ENTRIES SHOWN:
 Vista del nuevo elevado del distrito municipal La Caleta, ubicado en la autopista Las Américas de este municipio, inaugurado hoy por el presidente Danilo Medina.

==

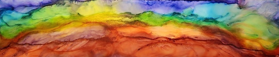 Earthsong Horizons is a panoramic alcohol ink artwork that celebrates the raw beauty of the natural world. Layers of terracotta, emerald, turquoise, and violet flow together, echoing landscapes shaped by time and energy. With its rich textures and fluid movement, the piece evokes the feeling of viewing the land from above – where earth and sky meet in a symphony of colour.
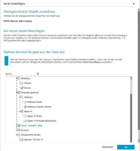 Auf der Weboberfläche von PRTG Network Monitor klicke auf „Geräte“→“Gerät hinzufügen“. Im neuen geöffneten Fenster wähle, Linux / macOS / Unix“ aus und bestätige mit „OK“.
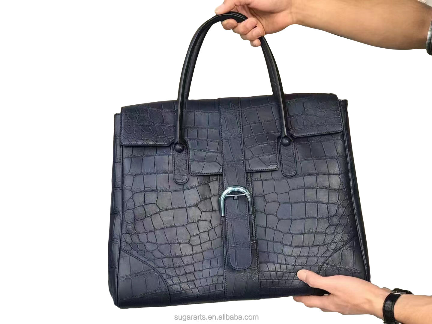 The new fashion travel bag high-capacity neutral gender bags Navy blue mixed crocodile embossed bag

WHAT THIS TASK INVOLVES: I would like the exact lines from the data above, starting with the one that holds "Earthsong Horizons is" and going on through the one that holds "Auf der Weboberfläche", without the pictures.

ANSWER SPACE:
 Earthsong Horizons is a panoramic alcohol ink artwork that celebrates the raw beauty of the natural world. Layers of terracotta, emerald, turquoise, and violet flow together, echoing landscapes shaped by time and energy. With its rich textures and fluid movement, the piece evokes the feeling of viewing the land from above – where earth and sky meet in a symphony of colour.
 Auf der Weboberfläche von PRTG Network Monitor klicke auf „Geräte“→“Gerät hinzufügen“. Im neuen geöffneten Fenster wähle, Linux / macOS / Unix“ aus und bestätige mit „OK“.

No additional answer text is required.